如果只有摘香蕉的能力,最好安心地当吗喽。所以袁珩认为,袁绍终其一生没有称帝,是因为他的脑子比袁术重了几两,且忘不掉故人们各式各样的眼睛。袁基…”
袁基已经不想跟袁珩争论这些事情了,麻木地笑了笑:“你高兴就好。”袁珩诚恳道:“不,我可是远近闻名的大孝子、一心一意的大忠臣;唯有大人高兴了,我才能真的高兴。”
袁基对此持保留态度。为了避免带着坏心情上值,他明智地选择了转移话题:“听闻你昨日与本初出去游猎,不知途中发生了何事,被他追着打了一路?本初怎能这样呀,连那本书都能忍下来……区区袁郎半老而已,有什么话不能好好说?″
袁珩…”
麻木不会消失,只会转移到袁珩脸上。
袁基这才舒服了,和颜悦色地拍了拍她的肩:“最近你须当心陛下传诏。

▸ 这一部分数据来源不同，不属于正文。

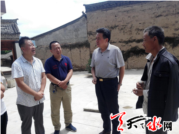天天天水网讯 近期,连续的强降雨给武山县人民群众的生产生活造成了严重影响,个别地方山体滑坡、少数路段道路堵塞、部分群众房屋倒塌。天水市食药监局领导高度重视,时刻关心关注着扶贫联系村群众的安危和生命财产安全。为了解扶贫村受灾情况,帮助扶贫村做好防汛防灾减灾工作,7月9日,天水市食药监局局长陈克孝带队,副局长甘志国、吴晓堂和局机关帮扶责任人等一行深入武山县桦林镇柒坪村和郝山村,开展了防汛防灾减灾慰问工作。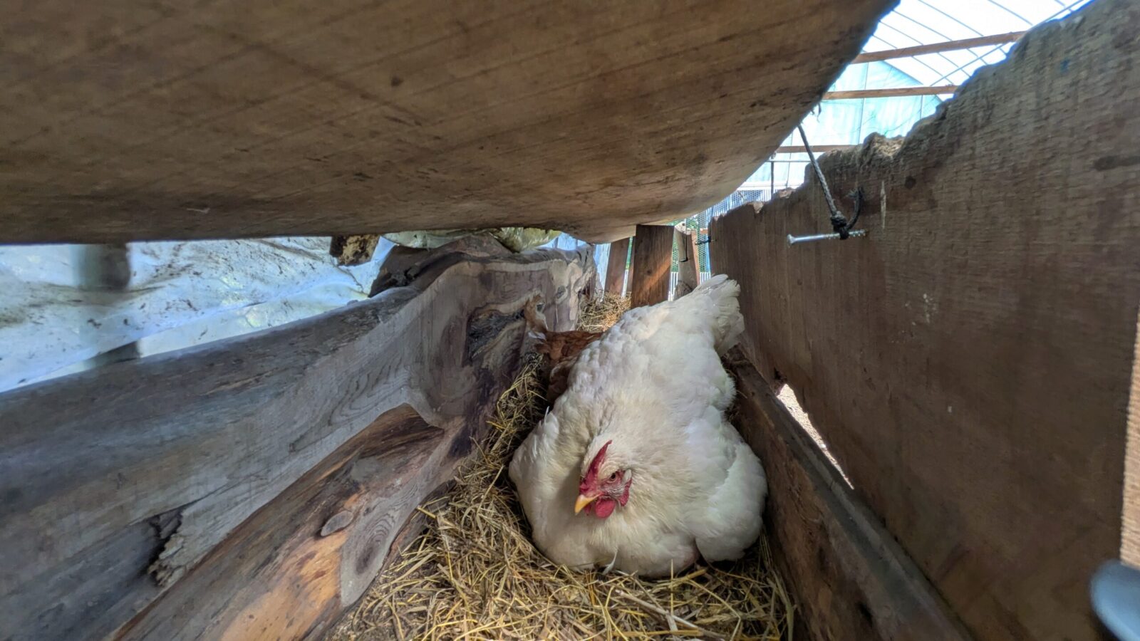 鶏は暗くて狭い場所を好みます。適度な囲いを作ることで、安心して毎日卵を産んでくれる場所を提供しています。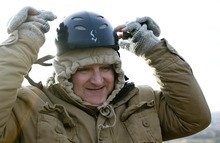 Saturday morning, he strapped on braces and wrapped himself in bulky warm clothing until he stood and walked like the Tin Man of Oz. So stoked with endorphins after his flight, he just about jogged to rejoin his sister, Joan Johnson, who whooped along with him every time he passed overhead.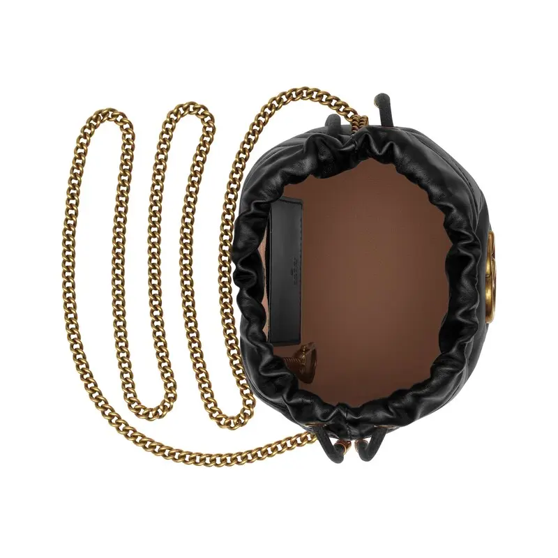 Made of black quilted chevron leather with heart pattern on the back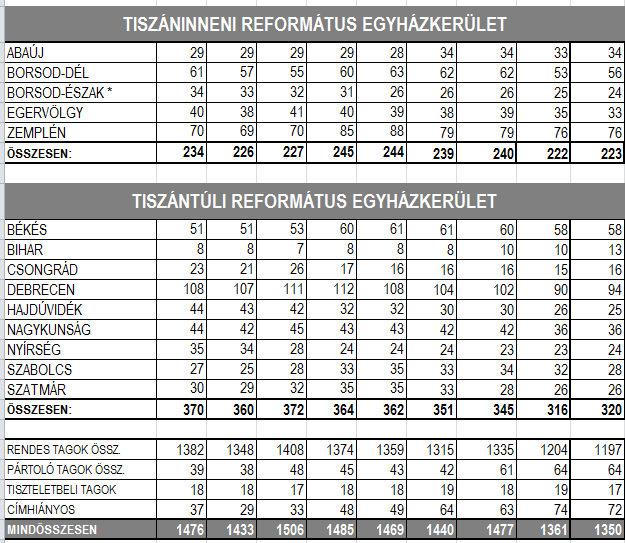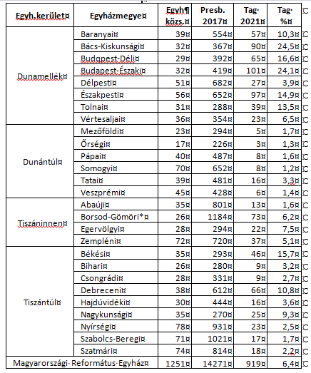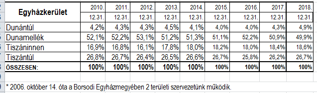 Tagok részaránya a 2017-ben megválasztott presbiterek számához viszonyítva, egyházmegyénként (2021.02.)
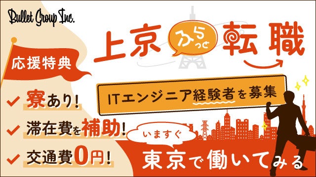バレットグループ株式会社(本社:東京都新宿区、代表取締役:小方 厚、以下バレットグループ)は、ITエンジニアの上京したい想いを後押しする上京転職応援プロジェクト『ITエンジニアの上京ふらっと転職』を展開することを決定いたしました。併せて『ITエンジニアの上京ふらっと転職』特設サイトを本日オープンしましたことをお知らせいたします。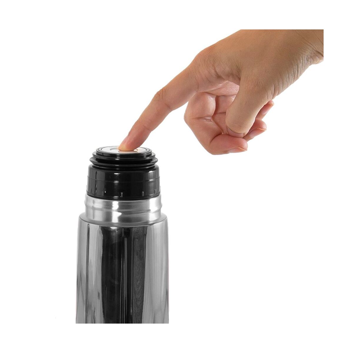 Dank ihres einfachenAusgießsystems und des Verschlusses auf Knopfdruck lassen sich dieThermobehalter der Serie thermys deluxe ganz leicht mit einem Finger offnen undschließen, ohne den Deckel abschrauben zu mussen.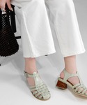 Gurkha sandals🌿 ボーイッシュな印象になりがちなグルカサンダルが多いけど、 程よい高さのヒールできれいな足元に .. 👡 しかも淡いミントカラーで気分があがる~♡ マーメイドスカートとの相性が◎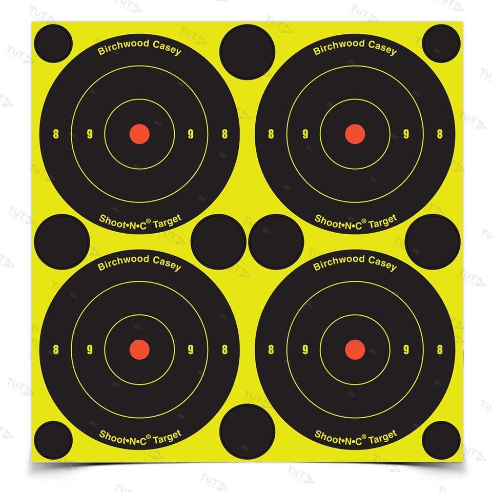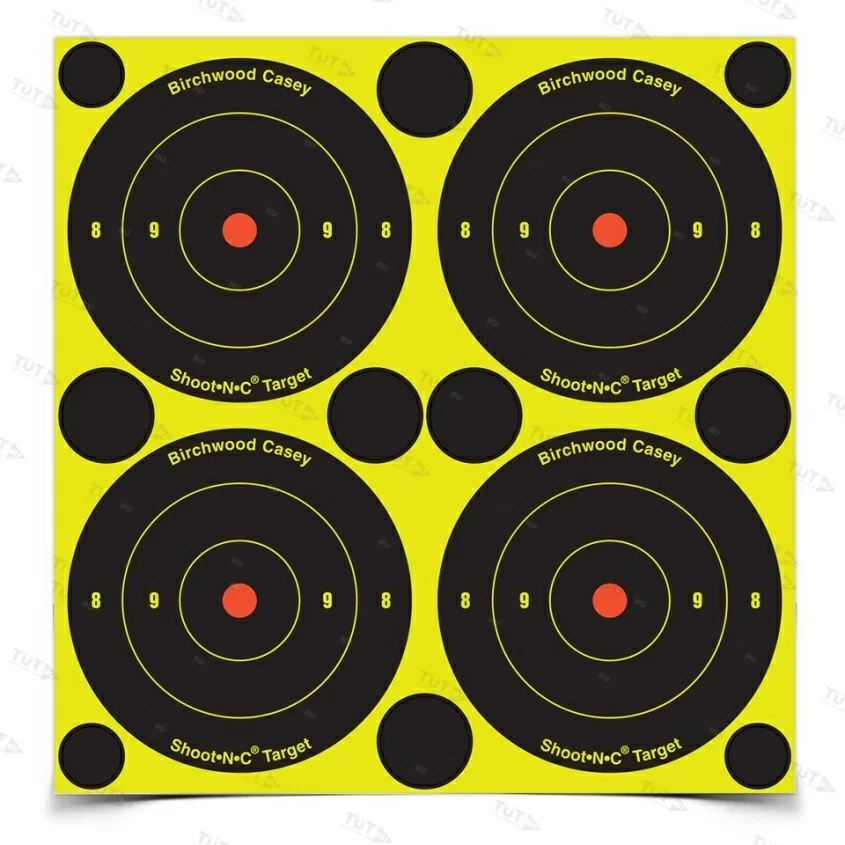 Shoot N C Мишень бумажная с проявлением попадания, с каждым листом по 10 востанавливающих наклеек, 48шт в упаковке, диаметр круга 80мм. Не требует специальных условий хранения. Производитель: Birchwood Casey, LLC 7887 Fuller Road, Suite 100 Eden Prairie, MN 55344 Произведено в США.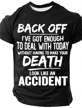 Maglietta grafica divertente da uomo a manica corta 'Back Off Don't Make Your Death Look Like An Accident'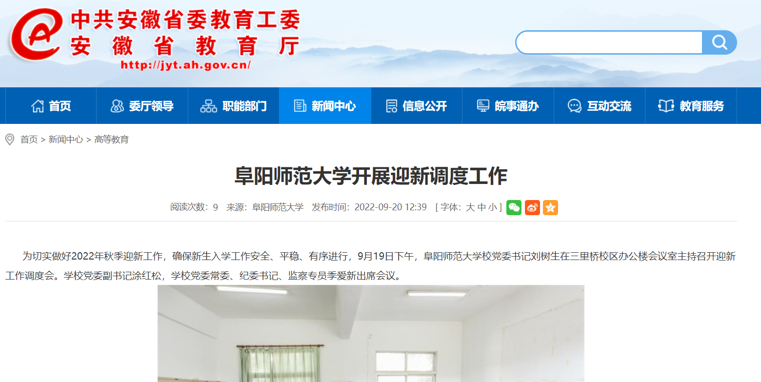 9月20日,安徽教育网报道:阜阳师范大学开展迎新调度工作。文章地址: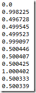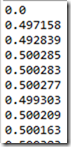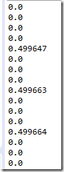 输出结果如下图,由于设置了缓冲的时间是3秒,令牌桶一开始并不会0.5秒给一个消息,而是形成一个平滑线性下降的坡度,频率越来越高,在3秒钟之内达到原本设置的频率,以后就以固定的频率输出。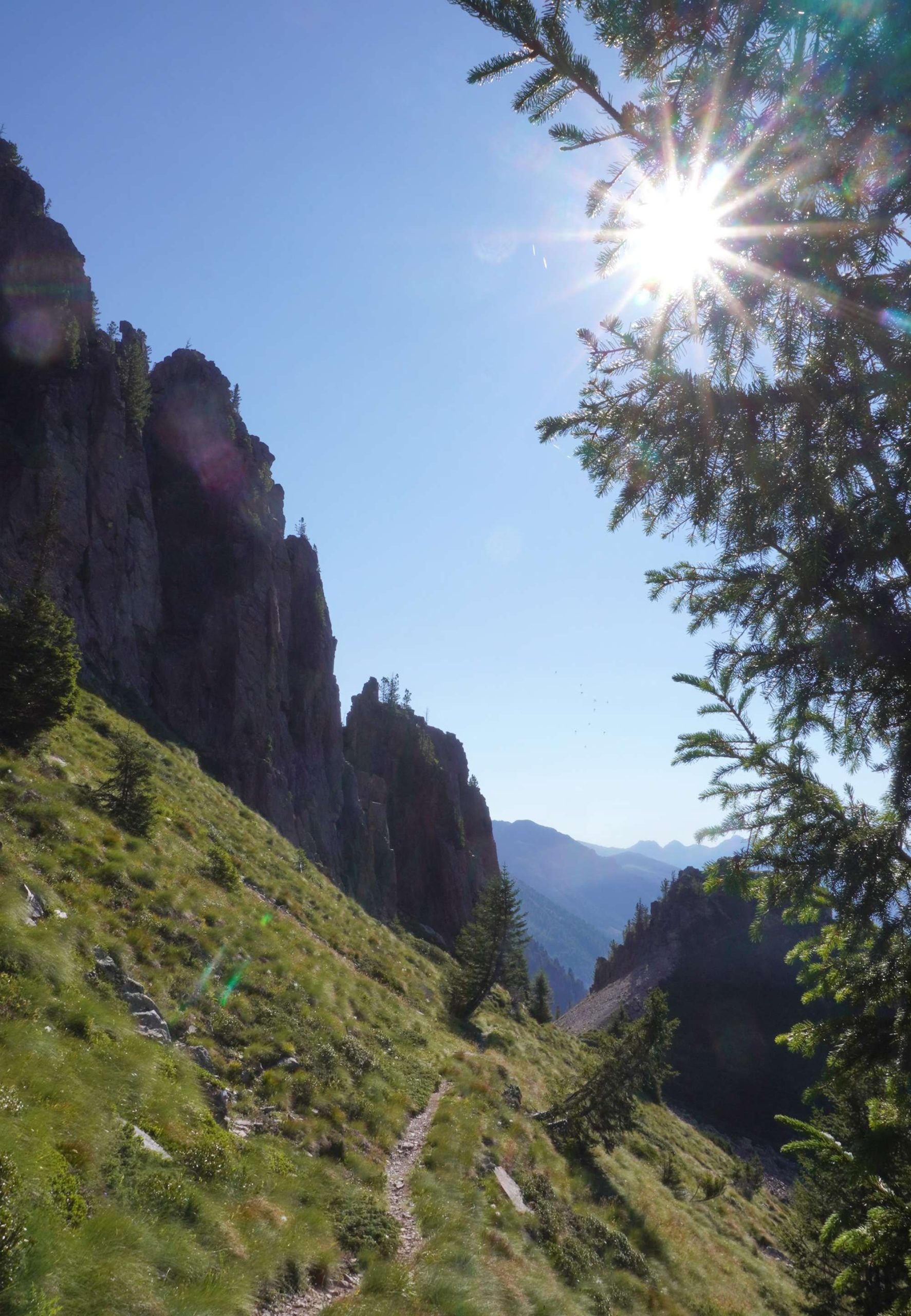 Auf einmal biegt der Weg um eine Ecke und ich laufe unter wunderschönen rötlichen Porphyr-Felsen entlang, einem Eruptivgestein, aus dem die ganze Lagoraikette aufgebaut ist.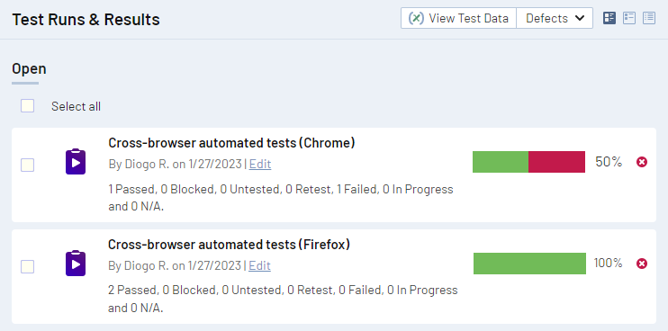 • ブラウザー + プラットフォームの組み合わせ個別の TestRail テスト ランになります (たとえば、「Chrome 106 – Windows 11」および「Firefox 108 – Windows 11」)。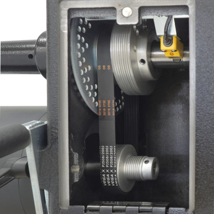 Trdno ležišče z impresivno širino 208 mm je izdelano iz visokokakovostnega jekla in je natančno brušeno, kar zagotavlja nemoteno premikanje glave, zadnjega dela in naslona za orodje. Vreteno poganja visoko učinkovit 2,2 kW indukcijski motor s frekvenčnim pretvornikom VFD za visok navor tudi pri nižjih vrtljajih. Hitrost je gladko nadzorovana z gumbom iz duraluminija, prestave pa je mogoče menjati s pametnim mehanizmom z eno ročico.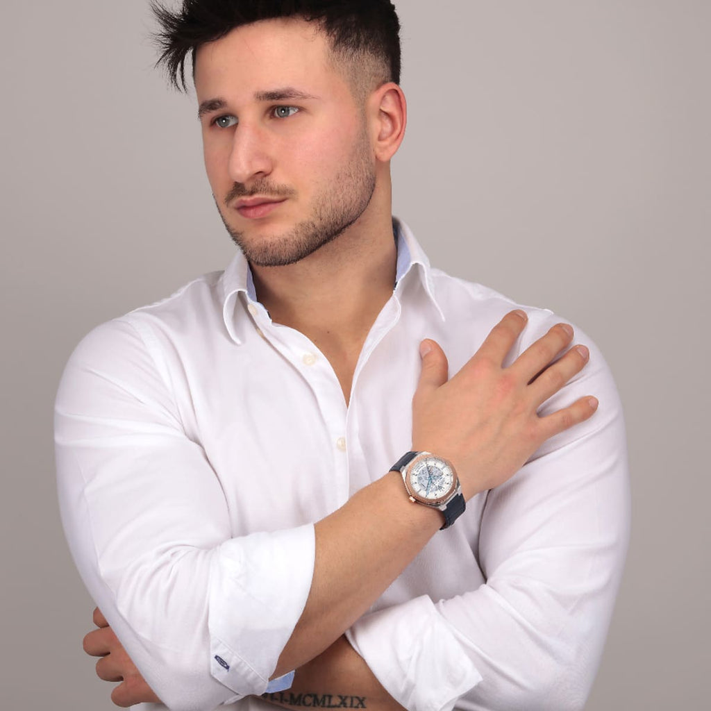 The watch bezel is rose gold plated. Blue leather strap. The blue hands contrast with the white dial. At the centre of the dial is a large skeleton opening. Three-hand watch and automatic MVT movement 42mm stainless steel case, rose gold plated White dial with blue details Blue leather strap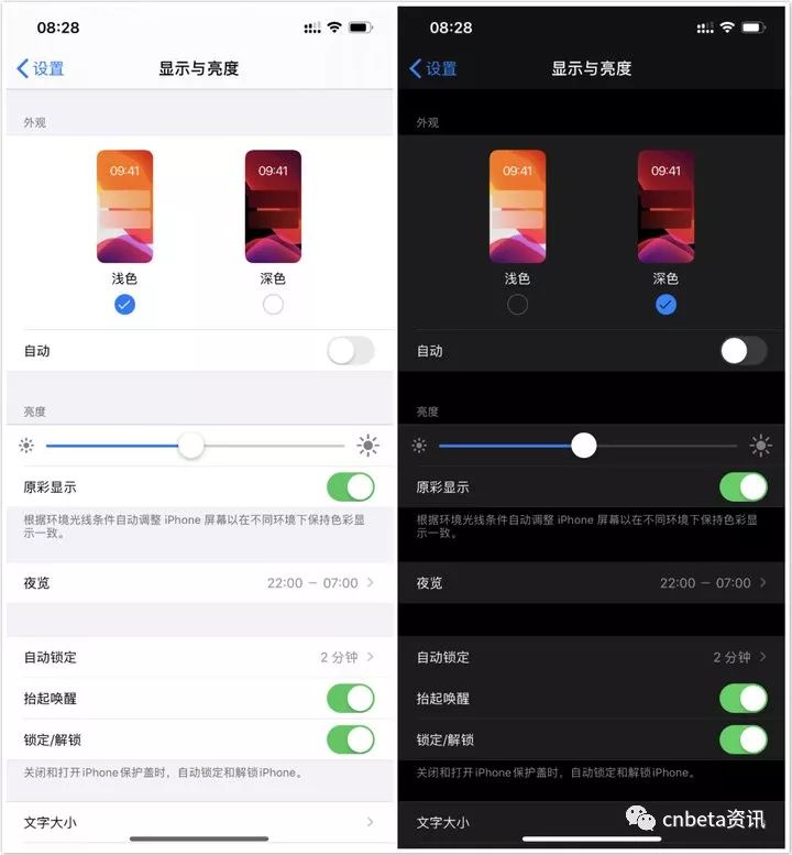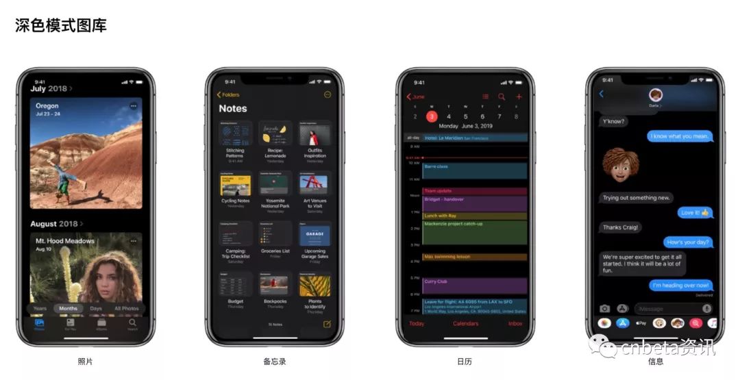 毫无疑问,更新到 iOS 13 公测版后你首先看到的就是深色模式。深色模式与 iOS 系统全面整合,系统界面、系统程序页、键盘、Animoji 背景都会呈黑色底色显示。深色模式可以在“设置-显示”中开启,也可以在控制中心快速开启或关闭,另外,你还可以将深色模式设置为在特定的时间或根据日出和日落来开启和关闭。

随时做好准备吧。”
如今的袁基已经对袁珩见刘宏这种事大为放心了,她可是能在阴阳怪气张让、直言进谏讽骂刘宏后都能全身而退的人,从前倒是他狭隘了一一他也配担心袁珩吗?
袁珩板着脸应了一声,下意识摸了摸自己被袁绍抽中好几下的胳膊,眼皮都懒得抬:“大人安心,若当真出了什么事,咱们一家人也能在地下团聚。袁基:“。”
大
袁珩一进公府,所有相熟的人便都看着她笑。何咸叫道:“袁令音,你昨日又被长辈打了!”
袁珩瞪了他一眼,不应声,对小吏说:“袁氏府中三本禁书皆已在此。“便排出三本《东京拾遗》。
何咸又故意高声嚷道:“你一定是从袁将军手中抢过来的书!"袁绍为了《东京拾遗》月下追霍贞的事情仍在广为流传。袁珩瞪大眼睛说:“你怎么这样凭空污我与长辈清白……系统:袁未央,你要不再好好回忆下自己为什么被打呢?以前青史留名的人现在艳名远播,背后原因令人暖心。
“什么清白?何氏子弟亲眼见你在雒水畔被袁将军追着打。”袁珩便垮了脸,拳头上的青筋条条迸起,冷笑道:“你再嘴贱一句试试呢。”
孔乙己是不可能孔乙己的,孔武有力倒还差不多;她连何进都打过了,就算再打个何进的儿子也是顺手的事儿。
何咸闻言,因这段时日四处狐假虎威而丧失的冷静与理智短暂回归,讪讪一笑,自认在打圆场:“哈哈,我那是说笑呢。令音你不会当真吧?别这么小气。”
那爹味儿冲得,还没来得及入内的刘羲站在门外都闻到了。刘羲蹙眉,正欲开口训斥何咸几句,便见袁珩零帧起手,抄起放于案上的细长丝帛卷轴,投壶一般掷过去,砸掉了何咸武官制式的鹖冠,又笑嘻嘻地说:“哎呀,开个玩笑嘛。何使君不会当真吧?我还是个孩子呢,不许计较哦!何咸脸色一黑,还没来得及发作,刘羲便径直大步入内,警告地睨他一眼:“这便是何氏的教养吗?”
嘴真贱。就算令音今日把何咸打一顿也是他自找的。刘羲没有多说什么。且不提她知道袁珩有息事宁人的意思,就算是为袁珩的名声做考虑,如今站得还不够高的自己也不好偏心太过。一一虽然人尽皆知,刘羲对袁珩的偏心是偷偷藏不住的。刘羲寻了个由头将袁珩叫到一旁去,低声问:“令音如今可还无恙?袁将军也真是……太过分了。”
刘羲是皇帝。所以没有人能打骂刘羲的白月光,就连白月光的亲爹也不行。袁珩揉了揉根本没留伤痕的胳膊,状若疼痛难耐,乖巧道:“多谢公主挂念。胳膊还疼着呢,但于公务无碍。”